Coastal lagoons form along gently sloping coasts where barrier islands or reefs can develop offshore, and the sea-level is rising relative to the land along the shore (either because of an intrinsic rise in sea-level, or subsidence of the land along the coast). Coastal lagoons do not form along steep or rocky coasts, or if the range of tides is more than 4 m. Due to the gentle slope of the coast, coastal lagoons are shallow. A relative drop in sea level may leave a lagoon largely dry, while a rise in sea level may let the sea breach or destroy barrier islands, and leave reefs too deep underwater to protect the lagoon. Coastal lagoons are young and dynamic, and may be short-lived in geological terms. Coastal lagoons are common, occurring along nearly 15 percent of the world's shorelines. In the United States, lagoons are found along more than 75 percent of the Eastern and Gulf Coasts.

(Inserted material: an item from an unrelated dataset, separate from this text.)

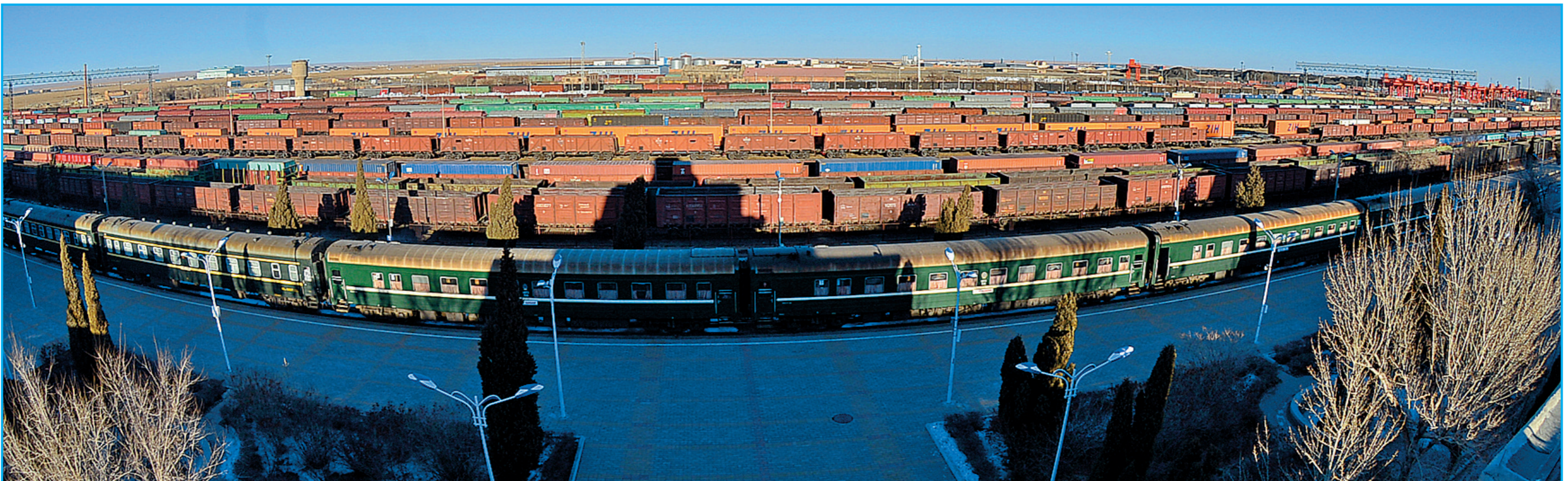
呼和浩特铁路局二连站宽轨作业现场俯瞰图

Coastal lagoons can be classified as leaky, restricted, or choked.
Coastal lagoons are usually connected to the open ocean by inlets between barrier islands. The number and size of the inlets, precipitation, evaporation, and inflow of fresh water all affect the nature of the lagoon. Lagoons with little or no interchange with the open ocean, little or no inflow of fresh water, and high evaporation rates, such as Lake St. Lucia, in South Africa, may become highly saline. Lagoons with no connection to the open ocean and significant inflow of fresh water, such as the Lake Worth Lagoon in Florida in the middle of the 19th century, may be entirely fresh. On the other hand, lagoons with many wide inlets, such as the Wadden Sea, have strong tidal currents and mixing. Coastal lagoons tend to accumulate sediments from inflowing rivers, from runoff from the shores of the lagoon, and from sediment carried into the lagoon through inlets by the tide. Large quantities of sediment may be occasionally be deposited in a lagoon when storm waves overwash barrier islands. Mangroves and marsh plants can facilitate the accumulation of sediment in a lagoon. Benthic organisms may stabilize or destabilize sediments.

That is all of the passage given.